You may be aware that the U.S. abdicated its Constitutional duty for maintaining the money supply when it passed the Federal Reserve Act of 1913, relinquishing the authority to issue currency and print money to a private banking cartel. Official documents will tell you that the Federal Reserve System (“the Fed”) is a quasi-governmental organization accountable to ‘the people’ (whatever that means), but history has demonstrated the Fed is accountable to no one but itself.
What you may not know is that the Fed is a Ponzi scheme. Simplified, it works like this: The Fed creates $200 and lends $100 to Bob who then owes the Fed $110 with interest.
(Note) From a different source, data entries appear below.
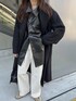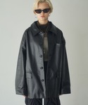 ロングコートの下にフェイクレザージャケットをレイヤードしました! スニーカーをベージュにしてポイントに🙆♀️
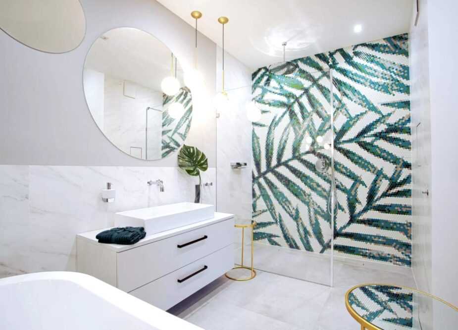 - Стекло универсально с точки зрения внешнего вида и может гармонично смотреться в любом стилевом решении с любым материалом: плиткой, натуральным камнем, металлом или деревом.
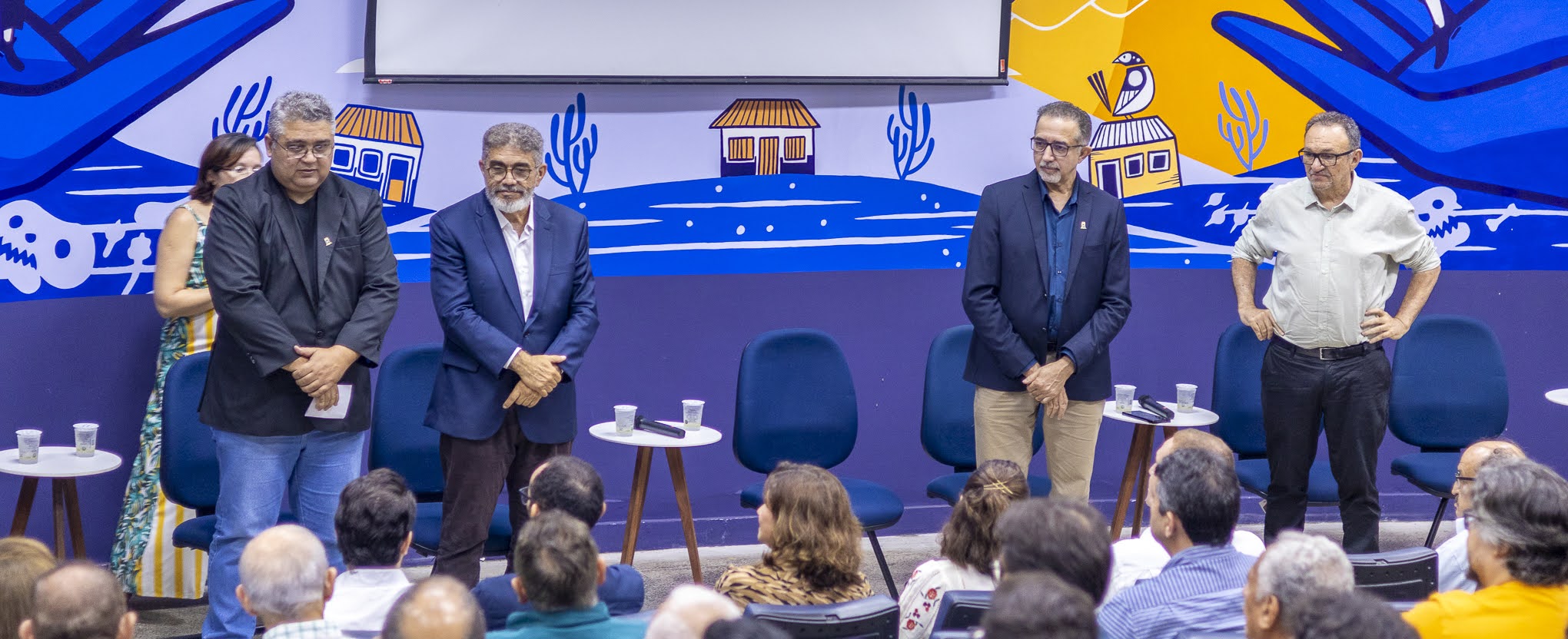 Da esquerda para a direita: o diretor do CCN, professor Humberto Soares Junior; o professor Barnabé Pessoa Lima; o vice-reitor da UFPI, Edmilson Moura; e o presidente da FAPEPI, João Xavier
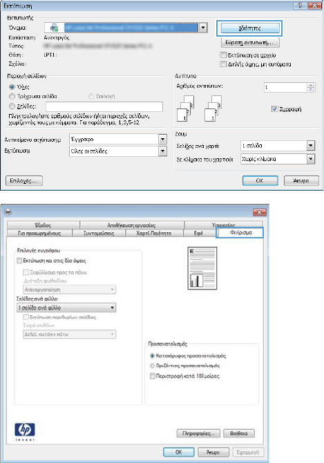 στο κουμπί Ιδιότητες ή Προτιμήσεις.
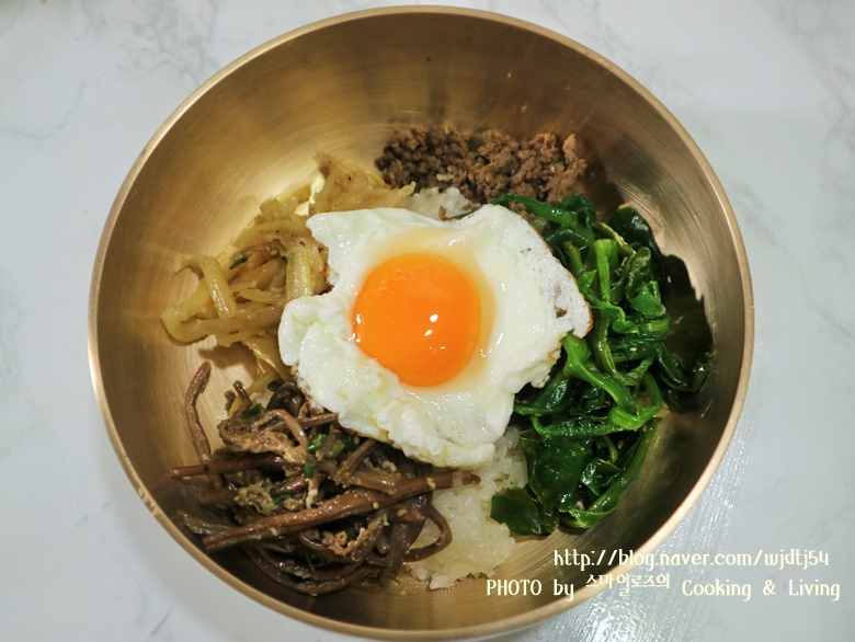 お正月にたくさん作って少し残ったナムルがあれば、その美味しいナムルを使い切って素晴らしいビビンバにしませんか?特に今年はほうれん草の値段が高く、より一層貴重に感じられたので、その風味を生かした三色ナムルビビンバは格別です。残ったナムルと少量の豆苗を添え、ご飯の量は普段の半分でも、満足感があり、味も最高です。冷蔵庫の残り物を活用するのにぴったりで、センスの良い方法です。
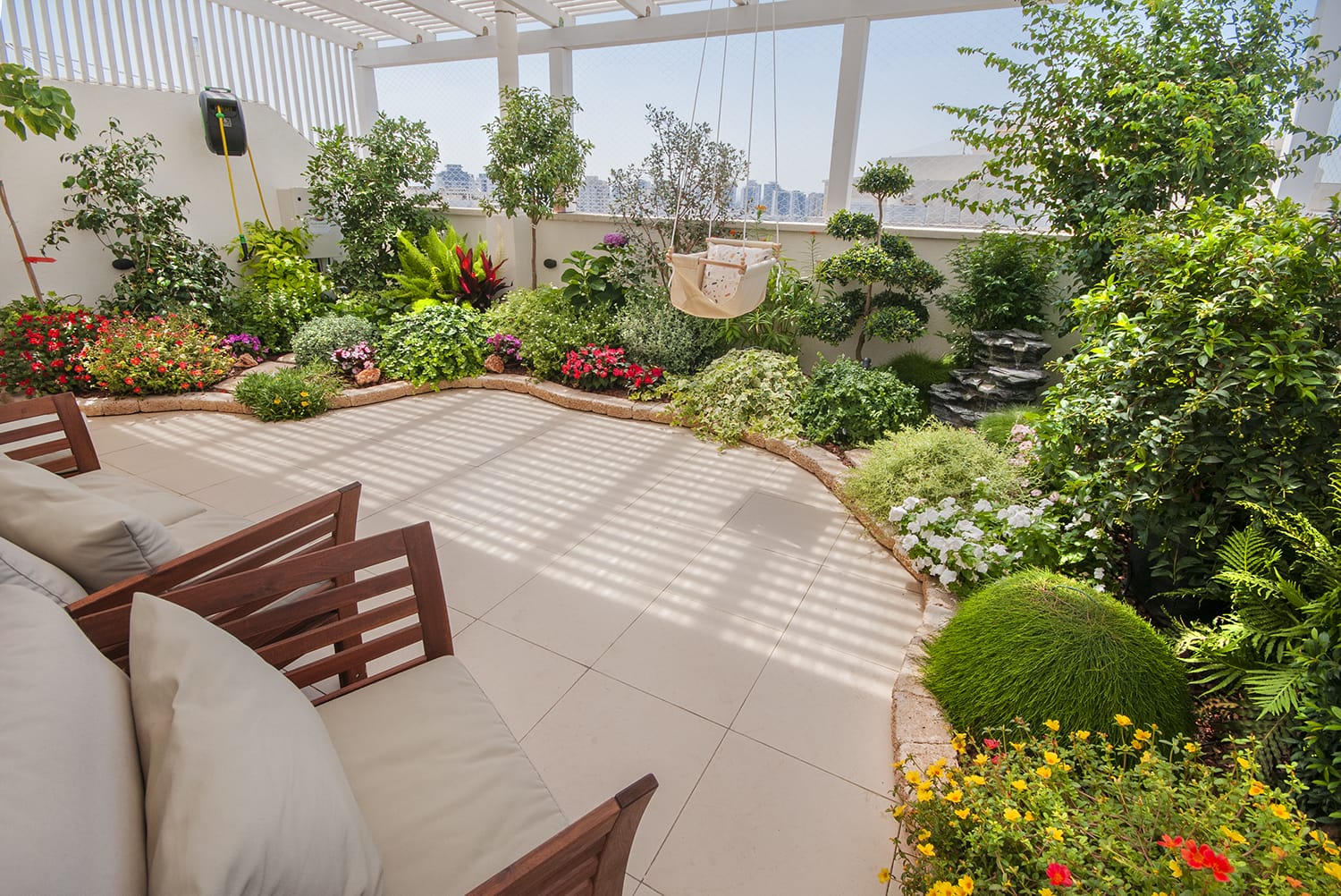 הגינה בעלת מראה של גינת קרקע והשיחים ניידים וניתנים להזזה מתי שרק מתחשק!
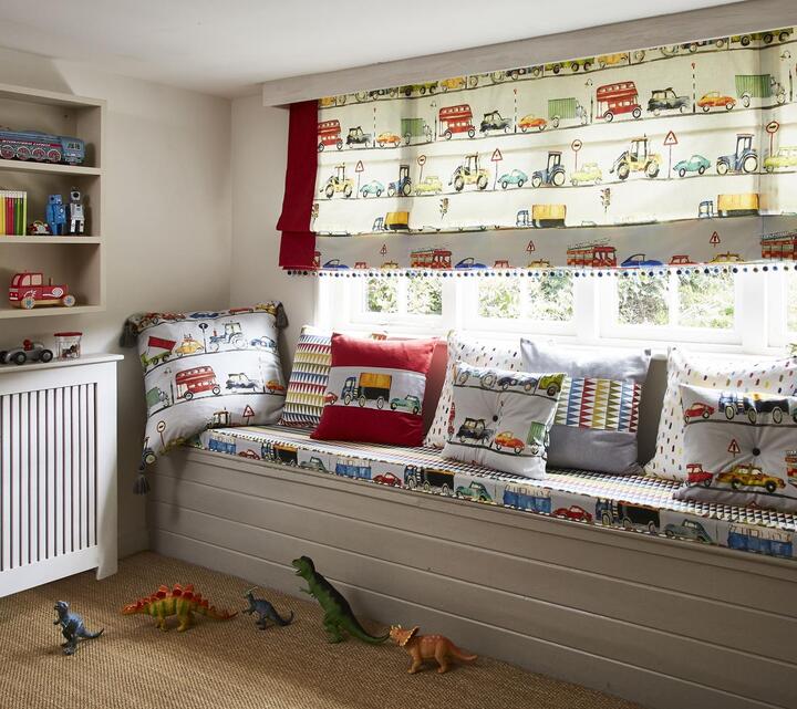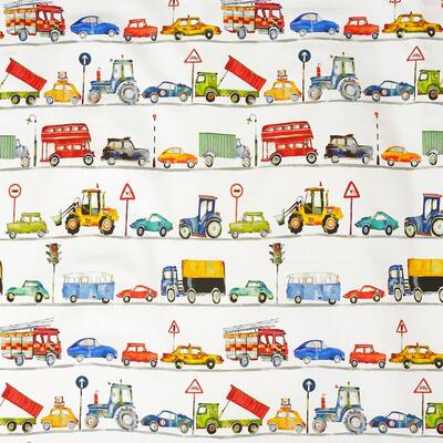 Een file was nog nooit zo leuk! Dit kindergordijn met auto’s, tractoren en vrachtwagens in vrolijke kleuren, maakt van iedere jongenskamer een gezellige plek. De grote verticale banen van ongeveer 20 cm, zorgen ervoor dat de print niet te druk wordt. Door de grote variatie aan voertuigen verveelt dit gordijn nooit! Je kunt kiezen voor een stoere lichtgrijze/off-white achtergrond, of voor een neutrale witte achtergrond. De gordijnstof is van 100% katoen en kan indien gewenst verduisterend worden geleverd.
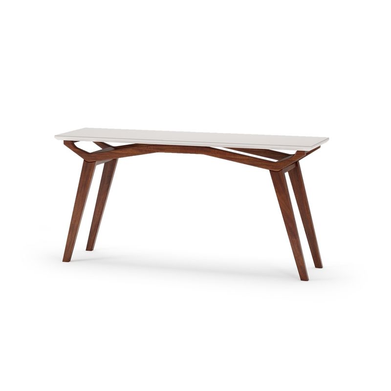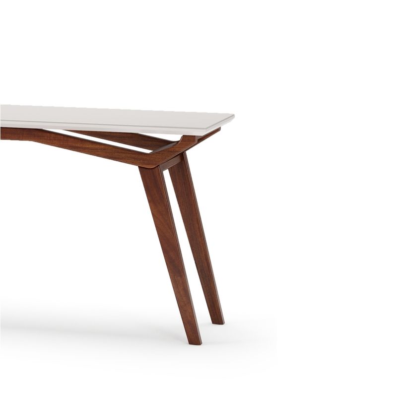 O Aparador Olegario com seu tampo branco oferece um contraste interessante com a madeira na cor castanho, criando um visual leve e contemporaneo. As pernas finas e o detalhe curvo na estrutura de madeira trazem um charme especial e, a peca se adapta facilmente a diversos estilos de decoracao.
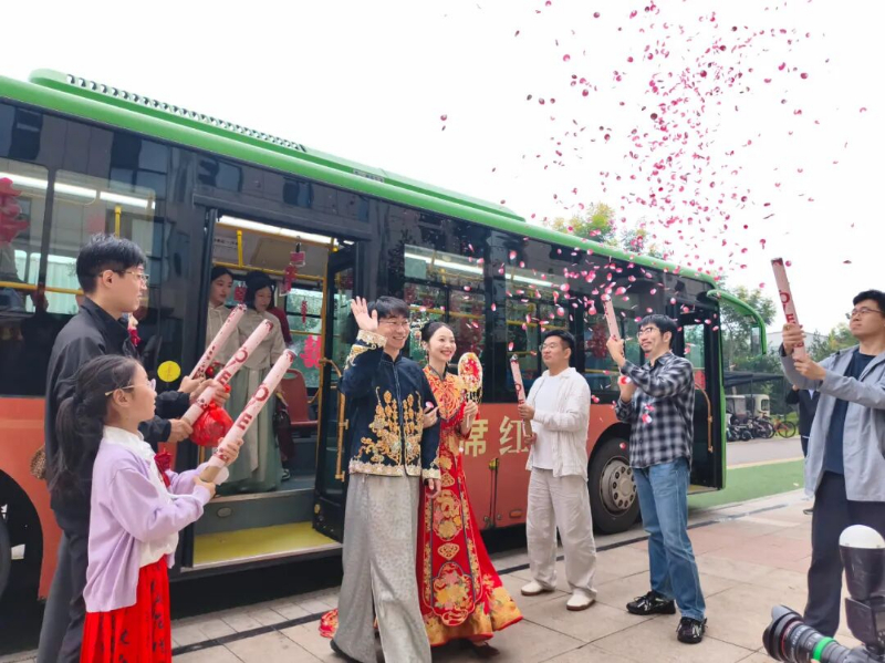 公交婚车让文明迎亲诠释别样浪漫。
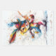 "Los Vibrantes Voyagers" Este ilustracion vibrante y estilizado presenta una ardilla y un conejo en movimiento intermedio, con salpicaduras dinámicas de pintura y tinta que sugieren movimiento. La ardilla lleva un gorro rojo hacia atrás, añadiendo una característica divertida, de tipo humano. El uso de colores vivos y estilo abstracto hace que la imagen sea visualmente llamativa y enérgica, capturando el espíritu vivo de la ardilla

The Fed lends $100 to Jane, who then owes the Fed $110 with interest. Bob pays the Fed $110. Can Jane pay the Fed $110? No, because $200 – $110 = $90. There are only $200 in circulation, so there is no way for both Jane and Bob to repay the loans plus interest.
The ‘economy’ works because the Fed is continually creating new money, just as a Ponzi operator continually recruits new investors to reward previous investors.
There are other complexities that inure to the Fed and its member banks, such as the creation of even more phantom money via the fractional reserve system and the $640T derivatives market. Regardless of the layers of complexity in the financial system, the amount of money in circulation is determined solely by the Fed* and so the 4% deposit fee and 4% interest the U.S. Government owes to the Fed for each dollar created can never be repaid.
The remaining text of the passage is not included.